Arrive here, collaborative filtering has become an optimization problem with regard to successful conversion.Because variable xu and yi is coupled together, this Individual problem bad solution, thus we introduce als that is to say, that we can first fix y (such as random initializtion x), Then first solve x using formula (2), then fix x, then solve y, so alternately reciprocal until convergence, that is, so-called alternately Little square law solving method.
Concrete method for solving is described as follows:
First fix y, loss function l (x, y) sought local derviation to xu, and makes derivative=0, obtain:
xu=(yty+λi)-1ytru......(3)
Fix x in the same manner, can obtain:
yi=(xtx+λi)-1xtri... (4) wherein ru (1 × n) is the u row of r, and ri (1 × m) is i-th row of r, i It is the unit matrix of k × k.
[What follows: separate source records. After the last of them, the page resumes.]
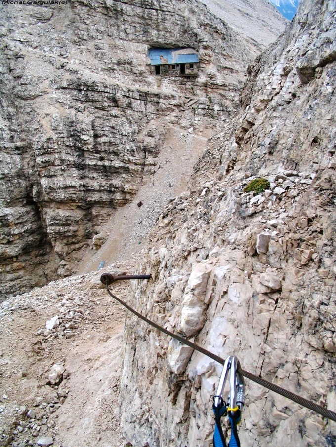 The trail leading up to the house is part of the Via Ferrata Ivano Dibona (pictured), a challenging high-altitude route along the Zurlon mountain ridge on the main peak of Cristallo in the Dolomites. Accessing this location requires individuals with excellent physical strength. Photo: Dolomiti.
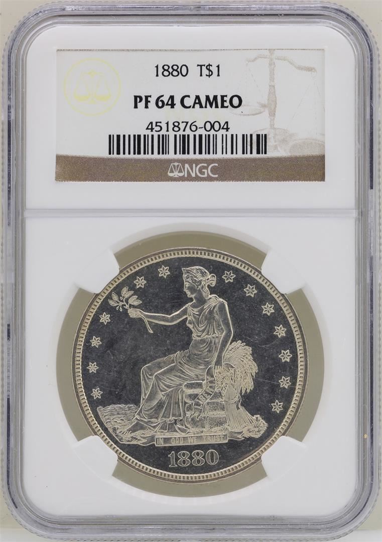 One 1880 $1 Trade Silver Dollar Proof Coin NGC PF64 Cameo. NGC Certified.
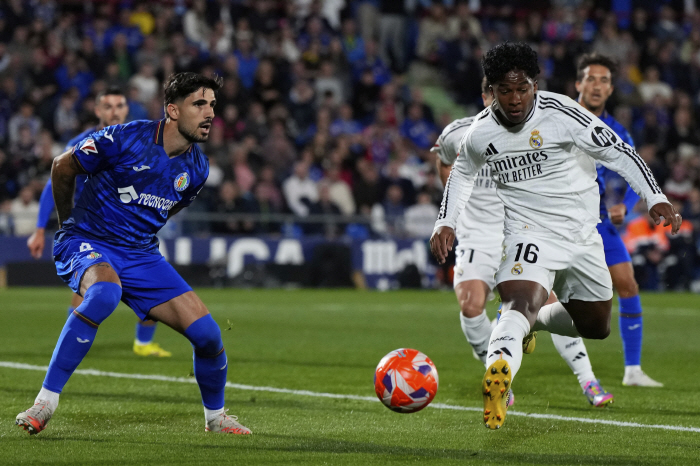 Getafe's Juan Berrocal, left, and Real Madrid's Endrick challenge for the ball during a Spanish La Liga soccer match between Getafe and Real Madrid at the Coliseum Alfonso Perez stadium in Getafe, Spain, Wednesday, April 23, 2025. (AP Photo/Manu Fernandez) <저작권자(c) 연합뉴스, 무단 전재-재배포, AI 학습 및 활용 금지>
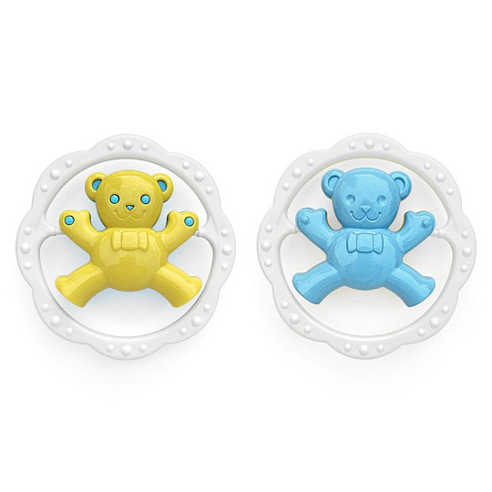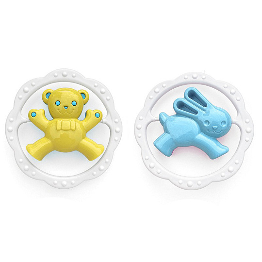 Pestrobarevné chrastítko kruh medvěd nebo zajíc. Rozvíjí motorické a zrakové dovednosti dítěte. Mix barev, vyberte si barevnou kombinaci pro holky a nebo pro kluky. Barvy se mohou lišit od vyobrazení, dodáváme dle skladové dostupnosti.

Iterative step: random initializtion y first, updated using formula (3) and obtain x, then utilize formula (4) to update y, directly Become rmseization very little to root-mean-square error or reach maximum iteration time.
r ~ = x y
r m s e = &sigma; ( r - r ~ ) 2 n
Model mentioned above is applied to the application scenarios solving there is clear and definite rating matrix, but in many cases, user Clearly do not feed back the preference to commodity, that is, directly do not give a mark, we can only be inferred by some behaviors of user His preference to commodity.Such as, in the problem of television program recommendations, the number of times to TV program watching or duration, at this moment We can speculate that number of times is more, see the time is longer, the preference of user is higher, but for the program do not watched, It is likely due to user and does not know there is this program, or do not have approach to obtain this program, we are unascertainable to speculate user not Like this program.Als-wr solves these problems by confidence weight: is assigned to larger for the item more be sure oing user preference Weight, for do not have feed back item, be assigned to less weight.The formal specification of als-wr model is as follows:
The object function of als-wr:
min x u , y i l ( x , y ) = &sigma; u , i c u i ( p u i - x u t y i ) 2 + &lambda; ( | x u | 2 + | y i | 2 ) ...... ( 5 )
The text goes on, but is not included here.